▸ Action item
Locate "A man carries" in the records below, then copy its line and every following line exactly, without the pictures.

Start of Block

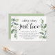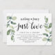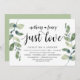 Carte d'invitation thématique Eucalyptus Rustique Moderne, Écriture Noire (avec titre de carte : Rien de fantaisiste, juste de l'amour). C'est parfait pour votre réception de mariage intime / fête de célébration post-mariage. Ajoutez vos détails dans une police / lettrage noir assorti.
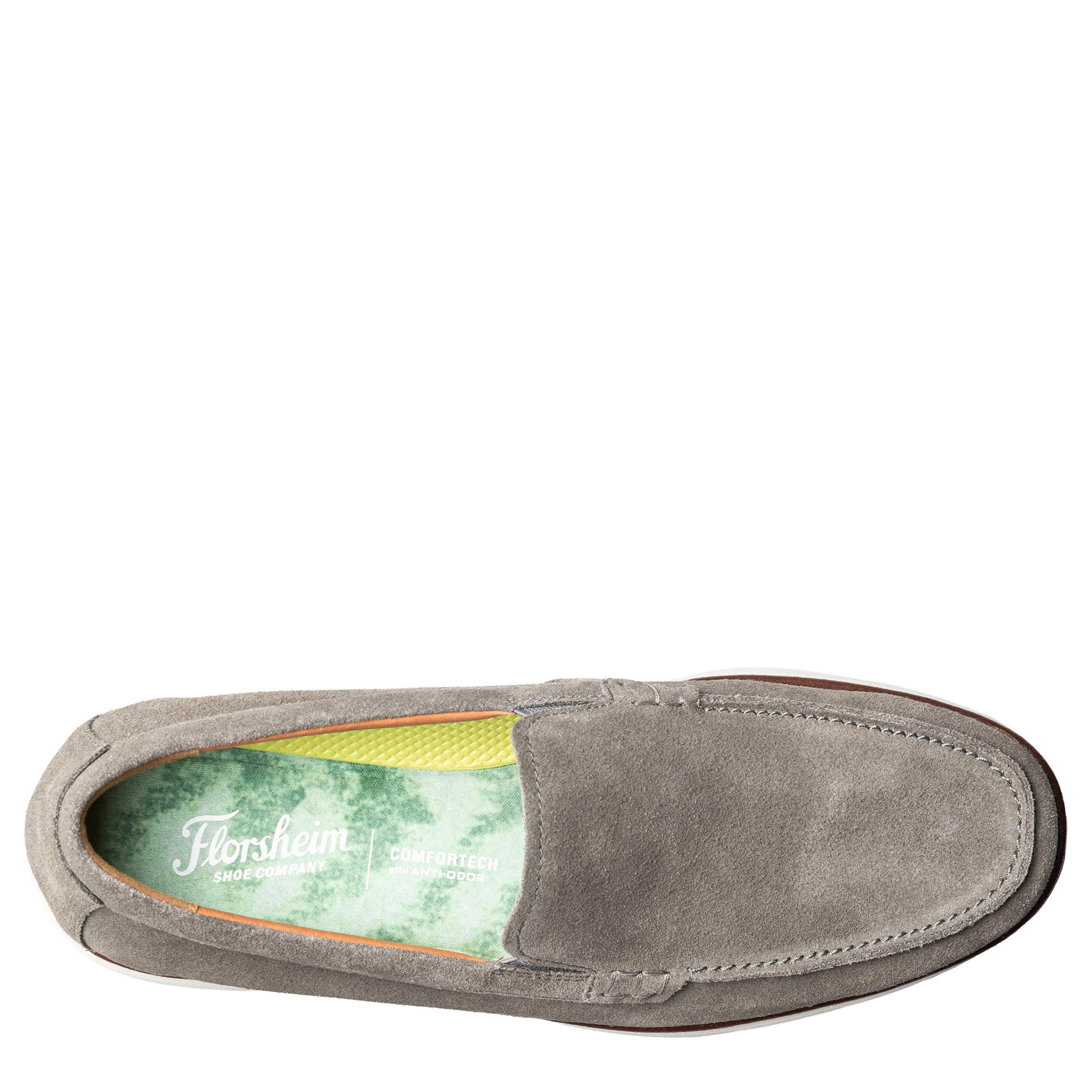 Go barefoot this summer in the Tropics Venetian loafer from Florsheim. Made with a breathable suede upper, this slip-on is laid-back, but polished. The cushioned Comfortech footbed contains an anti-odor treatment to ensure long-term wear, while the durable EVA outsole offers abrasion resistance with a rubber traction pod.
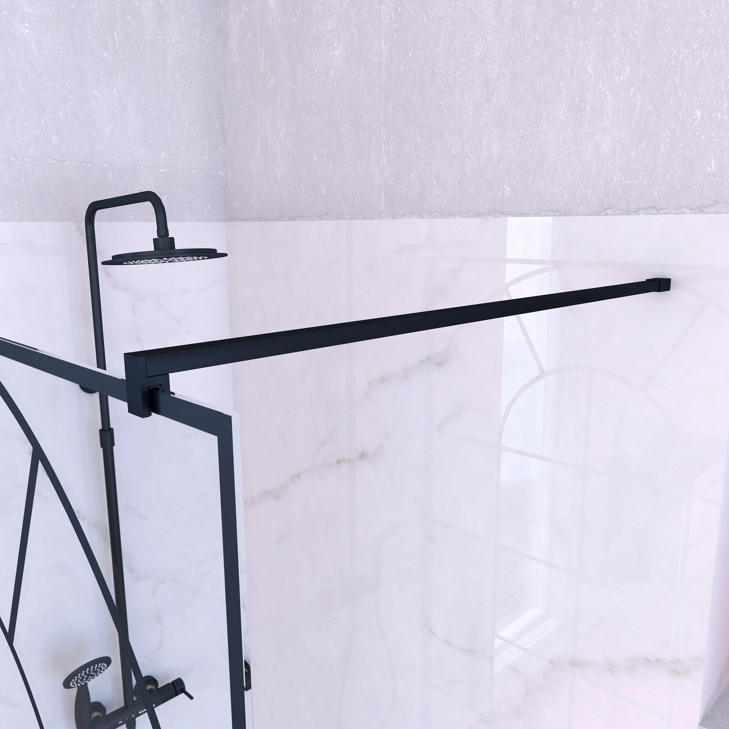 Paroi de Douche 120×195 Motif Verrière + Receveur 80×120 + Colonne de Douche Noire Thermostatique
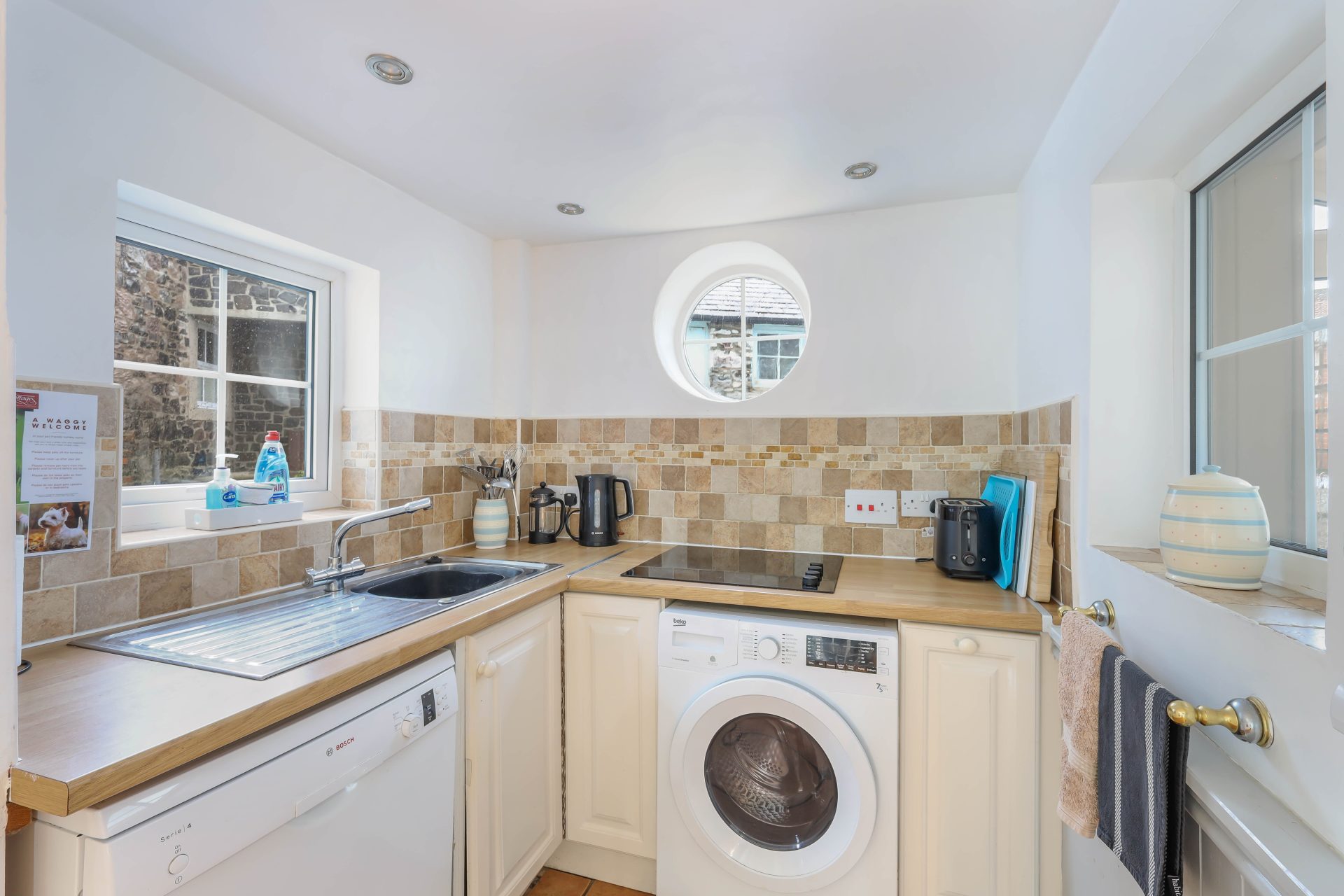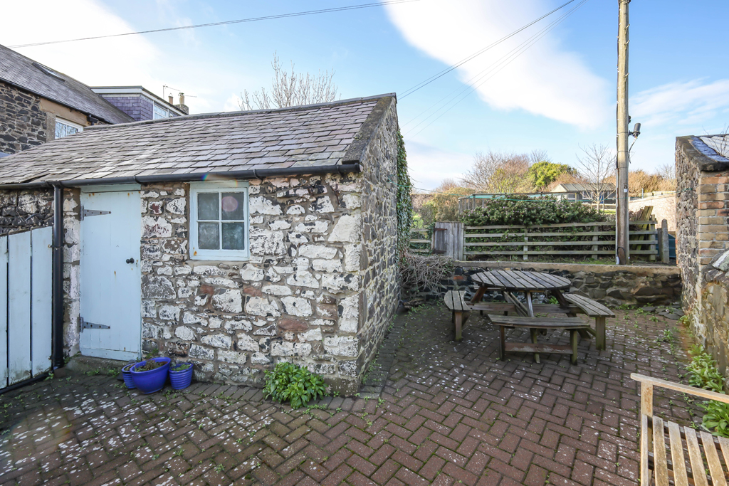 Externally – Impressive stone terraced & landscaped front garden over two levels overlooking the harbour, and ideal for outside dining and entertaining, with two neighbours having a right of access through the front gate to their gardens | Rear courtyard garden with a useful garden store/outhouse housing the gas bottles for the fire | Shared pathway to the rear of the house for the neighbouring terraced cottages | On street parking.
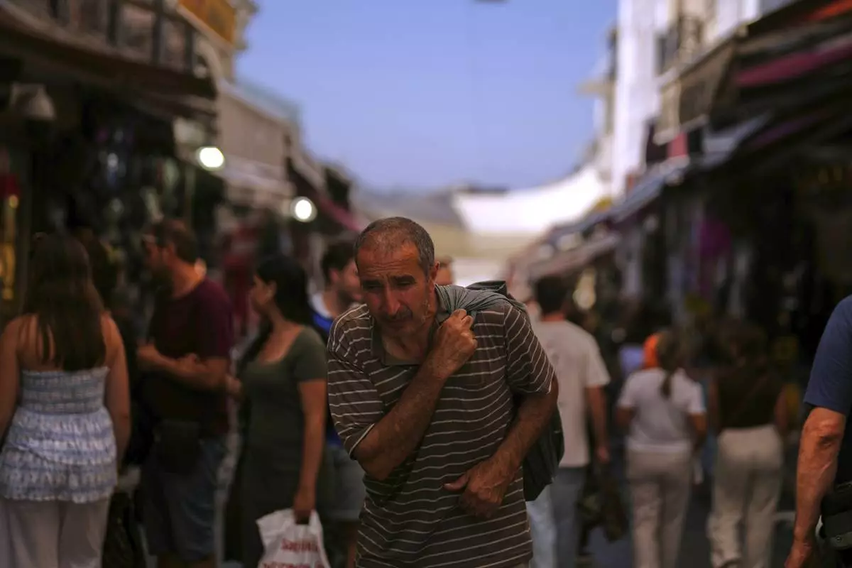 A man carries goods on his back at Eminonu district during a hot summer day in Istanbul, Turkey, Tuesday, Aug. 12, 2025. (AP Photo/Francisco Seco)
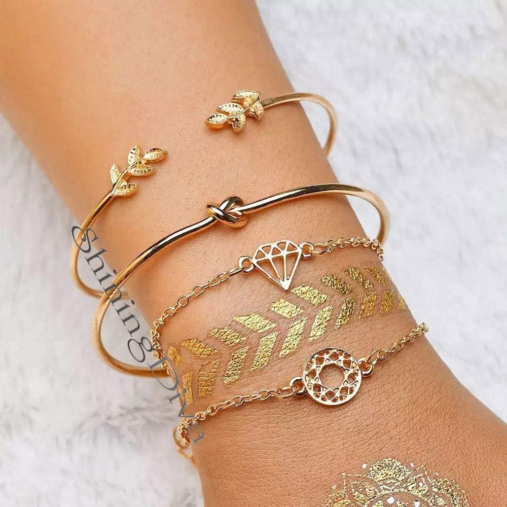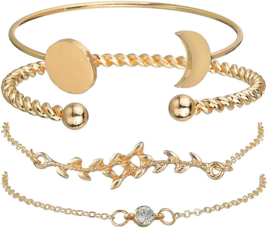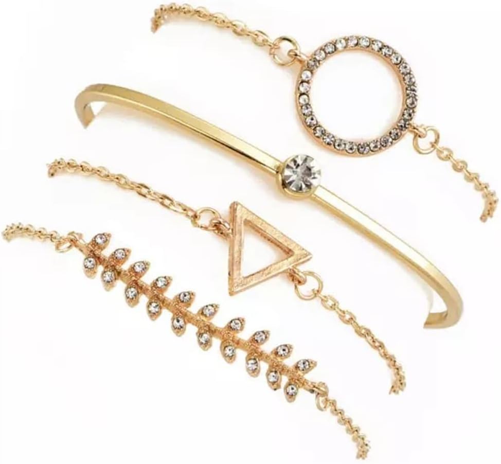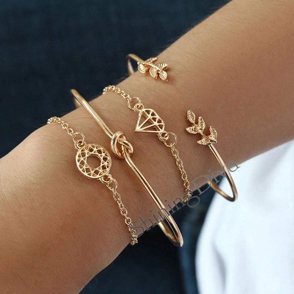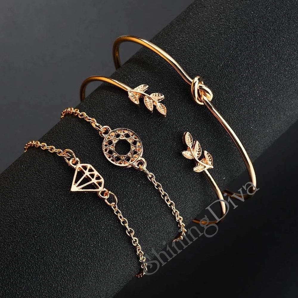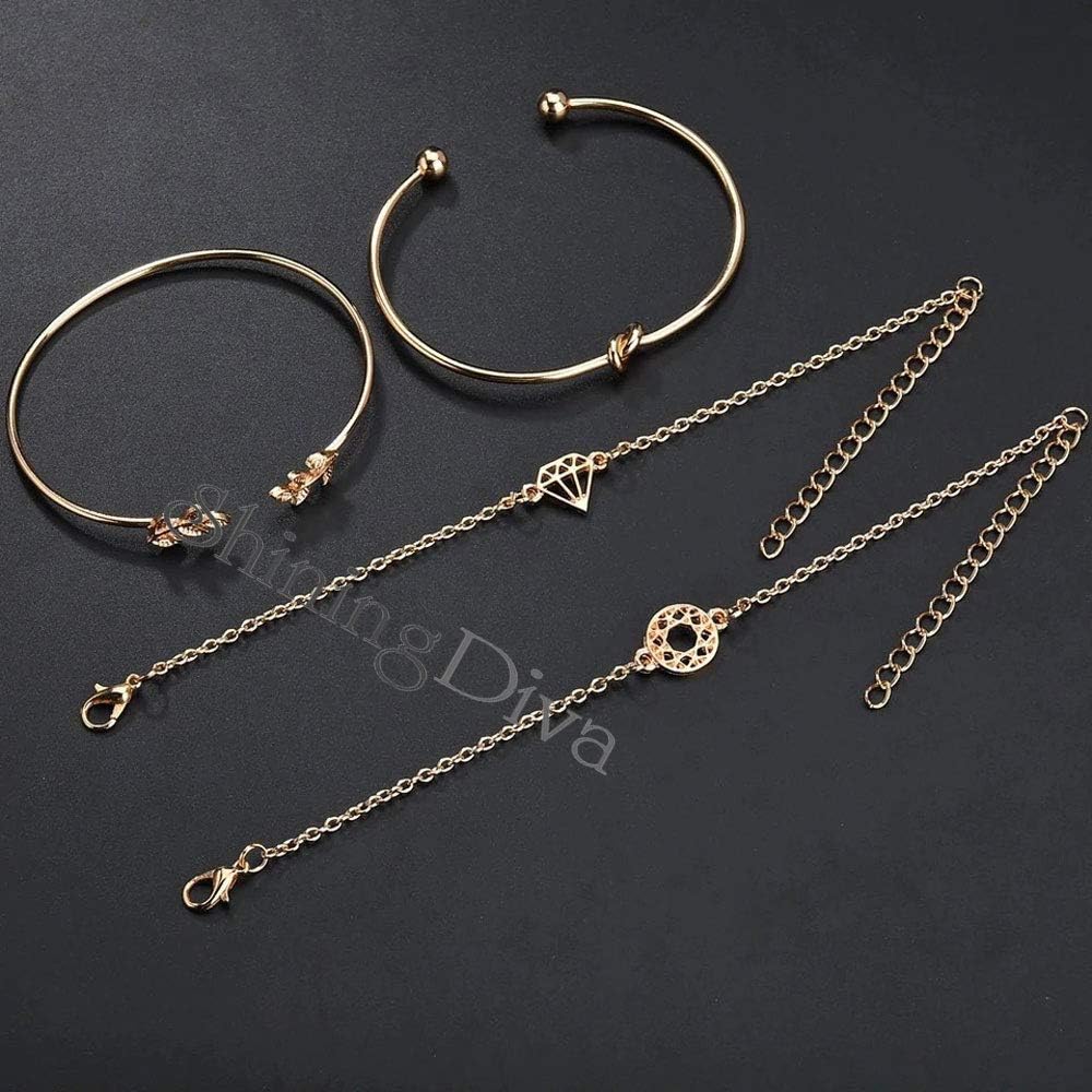 Set of 4 stylish Gold plated bracelet for Girls and women from the house of Shining Diva. This latest design bangle bracelet can be used by ladies as daily wear or party wear. This modern stylish bracelet is perfect to revamp your fashion jewellery collection. These are also ideal for special gifts for Girls for Birthday, wife, best friend, valentine gifts for girlfriend love, wedding gifts and anniversary gifts. Shining Diva is a well known brand across fashion jewellery sector. Shining Diva products are stylish and funky and are available at most affordable prices. This Gold plated jewellery is studded with crystals stones. Shining Diva has huge collection of latest bangles for women traditional, bangles for wedding, party wear earrings, charm bracelets, western wear modern choker necklace for women, traditional jewellery set, pendant set and other accessories jwelleries for women which includes ear cuffs, fashion party wear necklace and traditional jhumki jhumka earrings. Shining Diva is pioneer of imitation jewellery and designer crystal pendant for Girls. Shining Diva fashion and traditional jewelry give true value for your money. Buy Shining Diva trendy, artificial and semi precious jewellery from Amazon in low price offer.

End of Block

▸ The answer
 A man carries goods on his back at Eminonu district during a hot summer day in Istanbul, Turkey, Tuesday, Aug. 12, 2025. (AP Photo/Francisco Seco)
 Set of 4 stylish Gold plated bracelet for Girls and women from the house of Shining Diva. This latest design bangle bracelet can be used by ladies as daily wear or party wear. This modern stylish bracelet is perfect to revamp your fashion jewellery collection. These are also ideal for special gifts for Girls for Birthday, wife, best friend, valentine gifts for girlfriend love, wedding gifts and anniversary gifts. Shining Diva is a well known brand across fashion jewellery sector. Shining Diva products are stylish and funky and are available at most affordable prices. This Gold plated jewellery is studded with crystals stones. Shining Diva has huge collection of latest bangles for women traditional, bangles for wedding, party wear earrings, charm bracelets, western wear modern choker necklace for women, traditional jewellery set, pendant set and other accessories jwelleries for women which includes ear cuffs, fashion party wear necklace and traditional jhumki jhumka earrings. Shining Diva is pioneer of imitation jewellery and designer crystal pendant for Girls. Shining Diva fashion and traditional jewelry give true value for your money. Buy Shining Diva trendy, artificial and semi precious jewellery from Amazon in low price offer.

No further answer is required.